Скрючившись на мокрой земле в позе эмбриона, закрыв руками уши и зажмурив глаза, я ждала, пока весь этот ужас закончится и можно будет выдохнуть. Сердце истерично барабанило в висках, бедро стонало от боли, но хуже всего был страх, подгоняемый адреналином.
Вспышка молнии, чуть запоздалый раскат грома, нарастающее постукивание капель усилившегося дождя. В царящей вокруг какофонии я даже не сразу сообразила, что камушек переговорного устройства вспыхнул и стал теплее.
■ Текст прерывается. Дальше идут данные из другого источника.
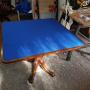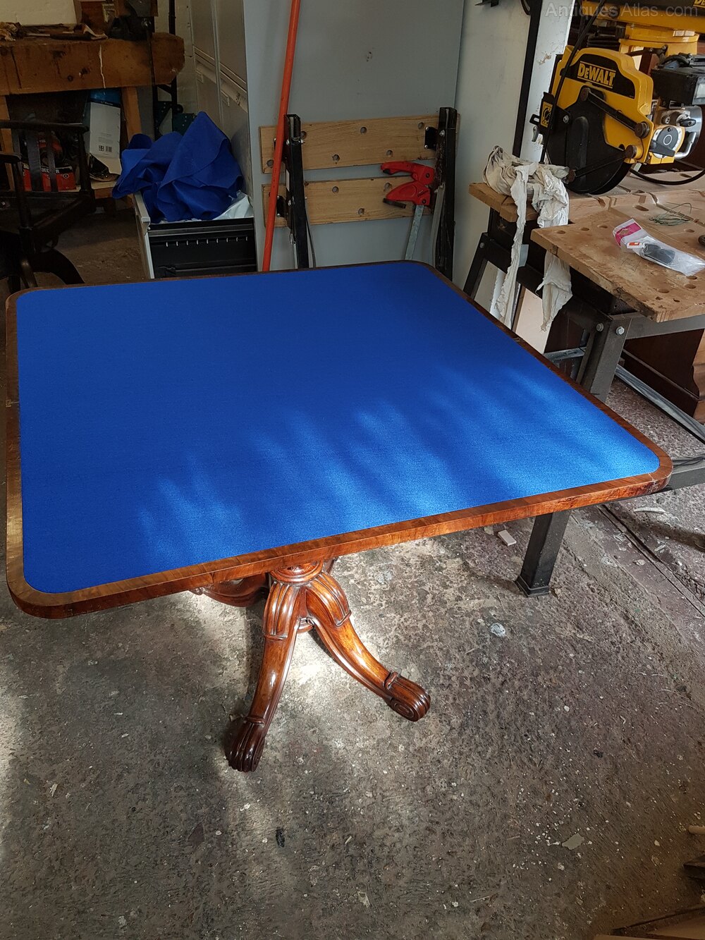 A Victorian mahogany folding card table, the top in quarter laid book-matched veneer with surrounding holly inlay and mahogany crossbanding. The table swivels and opens to reveal a later unmarked royal blue playing surface and a small receptacle for cards. The top is raised on an ornate solid mahogany turned and attractively carved central column with four intricately carved legs terminating in the original brass castors. The top is approx 184 cm square when open, 92cm wide when closed.DateVictorian

Сжав его в дрожащей от холода ладони, я услышала голос господина Медного, нашего декана и командира розыскных групп:
«Всем адептам факультета ядожалов. Мы на территории детского оздоровительного лагеря. Семь часов назад двенадцать детей и пять инструкторов отправились в сплав по реке. Гроза и порывистый ветер перевернули несколько лодок. Это заставило оставшихся причалить к берегу и передать сигнал бедствия. Руководство лагеря направило им в помощь группу из двух взрослых и двух подростков. В данный момент мы не можем связаться ни с кем из них и располагаем лишь приблизительными координатами. Звездокрылы и небовзоры отправились на облет и поиск пострадавших. Наша задача спуститься вниз по течению, обыскать прибрежную линию, найти и вытащить группу, что сплавлялась на лодках. Приказы для командиров десяток…»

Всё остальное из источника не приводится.